她指尖摩挲着冰凉的玉簪,脸上没什么波澜。药谷弟子常年与草药、典籍为伴,对这些饰物本就不热衷。他们的婚约,还要从三年前说起。
那时北境疫病蔓延,药谷派了十余名弟子前往支援,苏清鸢便是其中之一。她在疫区守了两个多月,每日熬药、诊脉,忙得脚不沾地。直到疫病渐退,定北侯府设宴感谢药谷众人,她才第一次见到沈砚。
他那时刚从边境巡查回来,一身玄色劲装未换,肩上还沾着尘土,入座时只是淡淡扫了她一眼,没说一句话。后来她才知道,两家长辈早已借着这次合作的契机商议婚约 —— 定北侯府需要药谷的医术稳固北境民心,药谷则需侯府的势力庇护,免受地方势力滋扰。
她和沈砚都是被通知的那个。当时师父找她谈话,说“沈世子品行端正,与你也算匹配”,她低头看着药臼里的甘草,轻轻应了声“好”。后来沈砚派人送来过几次东西,有时是北境的皮毛,有时是京城的点心,她都一一收下,却从未主动回过信。

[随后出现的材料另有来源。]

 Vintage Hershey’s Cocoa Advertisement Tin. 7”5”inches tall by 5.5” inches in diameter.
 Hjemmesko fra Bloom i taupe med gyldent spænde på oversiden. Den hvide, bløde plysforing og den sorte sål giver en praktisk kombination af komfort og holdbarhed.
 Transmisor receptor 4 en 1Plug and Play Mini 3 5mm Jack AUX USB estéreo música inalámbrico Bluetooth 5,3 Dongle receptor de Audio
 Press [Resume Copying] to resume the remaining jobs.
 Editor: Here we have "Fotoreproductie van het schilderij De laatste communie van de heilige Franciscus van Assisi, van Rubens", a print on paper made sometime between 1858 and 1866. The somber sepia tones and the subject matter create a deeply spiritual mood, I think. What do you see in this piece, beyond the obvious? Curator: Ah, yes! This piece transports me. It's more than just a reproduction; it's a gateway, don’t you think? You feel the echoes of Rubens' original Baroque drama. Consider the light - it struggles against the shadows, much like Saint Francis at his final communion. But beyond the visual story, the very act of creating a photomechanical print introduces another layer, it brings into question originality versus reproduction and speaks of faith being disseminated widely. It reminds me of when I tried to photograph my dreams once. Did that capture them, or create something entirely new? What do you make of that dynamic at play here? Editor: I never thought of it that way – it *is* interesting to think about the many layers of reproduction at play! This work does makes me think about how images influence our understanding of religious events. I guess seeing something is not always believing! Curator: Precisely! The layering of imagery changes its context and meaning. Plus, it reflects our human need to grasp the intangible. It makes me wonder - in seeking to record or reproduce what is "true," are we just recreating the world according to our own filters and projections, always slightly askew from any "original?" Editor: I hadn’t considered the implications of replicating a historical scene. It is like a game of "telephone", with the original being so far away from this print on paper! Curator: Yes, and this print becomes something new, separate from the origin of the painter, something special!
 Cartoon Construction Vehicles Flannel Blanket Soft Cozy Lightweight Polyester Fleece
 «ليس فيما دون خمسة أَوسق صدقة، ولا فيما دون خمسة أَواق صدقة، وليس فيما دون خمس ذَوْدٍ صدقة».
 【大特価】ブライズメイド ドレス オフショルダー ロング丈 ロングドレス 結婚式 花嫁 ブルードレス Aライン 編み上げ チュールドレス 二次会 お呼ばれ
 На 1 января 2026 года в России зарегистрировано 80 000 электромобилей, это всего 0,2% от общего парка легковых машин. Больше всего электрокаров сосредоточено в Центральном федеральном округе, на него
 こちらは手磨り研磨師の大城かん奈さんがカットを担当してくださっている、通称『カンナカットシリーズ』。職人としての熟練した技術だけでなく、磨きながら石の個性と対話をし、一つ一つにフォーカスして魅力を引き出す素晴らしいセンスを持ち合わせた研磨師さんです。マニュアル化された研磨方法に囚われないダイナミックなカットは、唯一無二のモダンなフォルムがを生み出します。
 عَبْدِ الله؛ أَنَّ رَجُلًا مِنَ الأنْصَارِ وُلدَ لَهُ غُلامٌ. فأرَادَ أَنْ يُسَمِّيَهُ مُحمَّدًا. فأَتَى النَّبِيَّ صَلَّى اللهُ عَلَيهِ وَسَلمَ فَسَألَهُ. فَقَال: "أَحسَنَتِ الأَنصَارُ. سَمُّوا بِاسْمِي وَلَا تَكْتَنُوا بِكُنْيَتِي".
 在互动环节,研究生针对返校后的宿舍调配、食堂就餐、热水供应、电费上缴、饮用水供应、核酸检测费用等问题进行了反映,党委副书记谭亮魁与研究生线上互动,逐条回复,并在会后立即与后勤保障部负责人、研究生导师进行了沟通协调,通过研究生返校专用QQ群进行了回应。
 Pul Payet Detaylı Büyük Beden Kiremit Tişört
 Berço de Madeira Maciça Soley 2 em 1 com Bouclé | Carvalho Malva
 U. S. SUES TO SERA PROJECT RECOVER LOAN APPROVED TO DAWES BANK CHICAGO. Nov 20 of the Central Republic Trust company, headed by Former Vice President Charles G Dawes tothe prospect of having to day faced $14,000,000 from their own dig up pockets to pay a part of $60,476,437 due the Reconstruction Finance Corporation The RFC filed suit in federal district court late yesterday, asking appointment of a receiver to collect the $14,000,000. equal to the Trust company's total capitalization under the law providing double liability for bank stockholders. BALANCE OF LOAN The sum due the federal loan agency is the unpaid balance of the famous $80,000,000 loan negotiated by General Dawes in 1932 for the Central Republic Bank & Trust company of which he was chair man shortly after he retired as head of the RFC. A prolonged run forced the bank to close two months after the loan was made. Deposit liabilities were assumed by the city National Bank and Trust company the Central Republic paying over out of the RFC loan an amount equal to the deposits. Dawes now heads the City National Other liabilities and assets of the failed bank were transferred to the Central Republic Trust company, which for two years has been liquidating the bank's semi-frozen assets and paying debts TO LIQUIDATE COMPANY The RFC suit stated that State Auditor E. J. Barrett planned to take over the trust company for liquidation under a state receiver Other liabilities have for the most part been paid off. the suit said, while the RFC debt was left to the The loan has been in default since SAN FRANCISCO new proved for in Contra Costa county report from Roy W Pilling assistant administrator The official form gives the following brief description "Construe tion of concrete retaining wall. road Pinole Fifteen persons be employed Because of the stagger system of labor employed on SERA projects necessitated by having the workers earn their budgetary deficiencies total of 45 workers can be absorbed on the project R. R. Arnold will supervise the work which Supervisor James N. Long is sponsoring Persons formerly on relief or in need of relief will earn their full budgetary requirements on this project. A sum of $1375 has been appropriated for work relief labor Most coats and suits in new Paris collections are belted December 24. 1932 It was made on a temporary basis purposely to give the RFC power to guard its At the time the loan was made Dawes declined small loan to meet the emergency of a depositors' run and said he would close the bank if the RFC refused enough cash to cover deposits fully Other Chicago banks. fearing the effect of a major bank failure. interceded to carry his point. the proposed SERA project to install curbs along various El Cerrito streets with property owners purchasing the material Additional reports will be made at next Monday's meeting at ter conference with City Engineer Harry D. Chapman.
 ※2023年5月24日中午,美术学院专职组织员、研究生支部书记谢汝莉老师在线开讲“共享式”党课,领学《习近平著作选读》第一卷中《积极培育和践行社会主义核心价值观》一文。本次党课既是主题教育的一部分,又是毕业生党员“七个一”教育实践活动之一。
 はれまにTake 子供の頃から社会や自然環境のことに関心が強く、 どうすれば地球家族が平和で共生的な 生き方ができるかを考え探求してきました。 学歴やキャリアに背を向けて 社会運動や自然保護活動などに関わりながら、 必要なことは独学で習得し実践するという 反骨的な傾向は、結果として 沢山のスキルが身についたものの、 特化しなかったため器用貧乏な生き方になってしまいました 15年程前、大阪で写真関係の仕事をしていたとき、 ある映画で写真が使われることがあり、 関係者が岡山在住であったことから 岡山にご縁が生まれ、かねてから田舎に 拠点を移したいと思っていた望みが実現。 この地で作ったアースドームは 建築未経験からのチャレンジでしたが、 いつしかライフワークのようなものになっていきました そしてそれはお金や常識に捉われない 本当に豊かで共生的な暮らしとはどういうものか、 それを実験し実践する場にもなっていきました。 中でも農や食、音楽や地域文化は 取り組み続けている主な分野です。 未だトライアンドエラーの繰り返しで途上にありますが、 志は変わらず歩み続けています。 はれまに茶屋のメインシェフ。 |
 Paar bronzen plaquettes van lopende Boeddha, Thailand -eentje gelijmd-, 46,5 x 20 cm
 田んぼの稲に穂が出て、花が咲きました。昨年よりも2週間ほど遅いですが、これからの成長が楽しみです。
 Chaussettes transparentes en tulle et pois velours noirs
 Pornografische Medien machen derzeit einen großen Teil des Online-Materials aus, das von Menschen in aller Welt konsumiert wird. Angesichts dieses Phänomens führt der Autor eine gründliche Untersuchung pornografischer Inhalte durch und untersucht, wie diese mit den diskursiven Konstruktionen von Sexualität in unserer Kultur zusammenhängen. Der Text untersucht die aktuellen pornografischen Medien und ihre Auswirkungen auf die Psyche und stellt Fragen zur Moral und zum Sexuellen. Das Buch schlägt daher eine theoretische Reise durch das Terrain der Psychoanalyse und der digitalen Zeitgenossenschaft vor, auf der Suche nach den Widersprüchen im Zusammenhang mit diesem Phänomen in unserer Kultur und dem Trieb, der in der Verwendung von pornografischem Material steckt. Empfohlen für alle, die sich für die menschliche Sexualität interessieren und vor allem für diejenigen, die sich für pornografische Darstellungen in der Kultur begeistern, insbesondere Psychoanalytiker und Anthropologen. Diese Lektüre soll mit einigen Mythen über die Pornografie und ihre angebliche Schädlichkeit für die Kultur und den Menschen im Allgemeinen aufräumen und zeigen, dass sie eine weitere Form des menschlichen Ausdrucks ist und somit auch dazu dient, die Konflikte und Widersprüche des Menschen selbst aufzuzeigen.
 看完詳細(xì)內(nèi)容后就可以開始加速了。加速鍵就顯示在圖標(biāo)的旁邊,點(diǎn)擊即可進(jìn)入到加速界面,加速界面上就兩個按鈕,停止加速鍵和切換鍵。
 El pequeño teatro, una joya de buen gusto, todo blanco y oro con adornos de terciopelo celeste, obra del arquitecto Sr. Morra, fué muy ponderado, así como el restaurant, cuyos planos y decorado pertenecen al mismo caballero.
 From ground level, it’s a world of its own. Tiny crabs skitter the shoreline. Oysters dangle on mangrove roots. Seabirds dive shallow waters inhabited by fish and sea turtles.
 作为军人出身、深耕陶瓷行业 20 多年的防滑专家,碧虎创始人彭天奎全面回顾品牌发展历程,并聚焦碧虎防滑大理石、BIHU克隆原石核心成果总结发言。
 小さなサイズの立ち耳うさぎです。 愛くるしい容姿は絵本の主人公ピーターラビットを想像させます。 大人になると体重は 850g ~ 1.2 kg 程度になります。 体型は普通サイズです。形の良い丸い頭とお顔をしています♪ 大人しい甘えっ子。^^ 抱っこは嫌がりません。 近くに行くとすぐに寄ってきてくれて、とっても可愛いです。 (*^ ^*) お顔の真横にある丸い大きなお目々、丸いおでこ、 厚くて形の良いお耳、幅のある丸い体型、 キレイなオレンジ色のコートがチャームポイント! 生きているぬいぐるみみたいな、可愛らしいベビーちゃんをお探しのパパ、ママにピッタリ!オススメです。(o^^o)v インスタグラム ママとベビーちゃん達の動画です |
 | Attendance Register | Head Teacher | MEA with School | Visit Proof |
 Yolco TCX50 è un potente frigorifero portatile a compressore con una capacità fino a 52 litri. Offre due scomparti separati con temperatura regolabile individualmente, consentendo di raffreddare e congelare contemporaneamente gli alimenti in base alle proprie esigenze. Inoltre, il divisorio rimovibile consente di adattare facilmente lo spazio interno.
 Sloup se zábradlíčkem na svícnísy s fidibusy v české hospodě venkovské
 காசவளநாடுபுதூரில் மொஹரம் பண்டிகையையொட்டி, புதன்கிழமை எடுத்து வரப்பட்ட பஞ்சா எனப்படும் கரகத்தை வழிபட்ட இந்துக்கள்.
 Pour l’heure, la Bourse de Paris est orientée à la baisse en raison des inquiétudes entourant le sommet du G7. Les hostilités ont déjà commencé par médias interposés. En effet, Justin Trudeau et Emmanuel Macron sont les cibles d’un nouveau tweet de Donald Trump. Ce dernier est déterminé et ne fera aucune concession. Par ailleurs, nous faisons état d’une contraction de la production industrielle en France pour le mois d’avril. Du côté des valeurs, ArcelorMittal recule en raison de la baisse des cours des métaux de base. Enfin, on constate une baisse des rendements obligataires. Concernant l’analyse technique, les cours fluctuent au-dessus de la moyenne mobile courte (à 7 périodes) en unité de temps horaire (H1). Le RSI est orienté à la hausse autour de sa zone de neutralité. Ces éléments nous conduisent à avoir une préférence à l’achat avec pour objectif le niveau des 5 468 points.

窗外的日头渐渐升高,苏清鸢将玉簪别在发间,对着铜镜理了理素色衣裙。她并不好奇沈砚说的“惊喜”是什么,只觉得这是履行婚约里该走的流程 —— 就像三年前那场疫病里,她按时熬药、他按时巡查一样,不过是各自尽着本分罢了。
苏清鸢刚走到药谷山门,贴身丫鬟阿芷就提着食盒迎了上来,脸上带着比往日更显殷勤的笑:“姑娘,您今日赴约,奴婢特意备了您爱吃的桂花糕,还温了驱寒的姜茶。方才听山下人说晨间有雾,奴婢想着陪您走一程,也能多照拂些。”
阿芷跟着自己三年,向来沉稳寡言,今日这般周到,倒让她生出几分微妙的异样感。但想着山路或许真的湿滑,便点了点头:“辛苦你了,走吧。”
两人沿着山道往下走,雾气越聚越浓,能见度渐渐只剩几步远。阿芷看似随意地引着路,脚下却悄悄偏向了东侧松林:“姑娘,这边落叶少些,免得滑脚。”苏清鸢没多想,只跟着她的脚步往里走,直到听见松涛声盖过了山下的人声,才猛然停住:“阿芷,茶舍该在西侧官道,咱们走反了。”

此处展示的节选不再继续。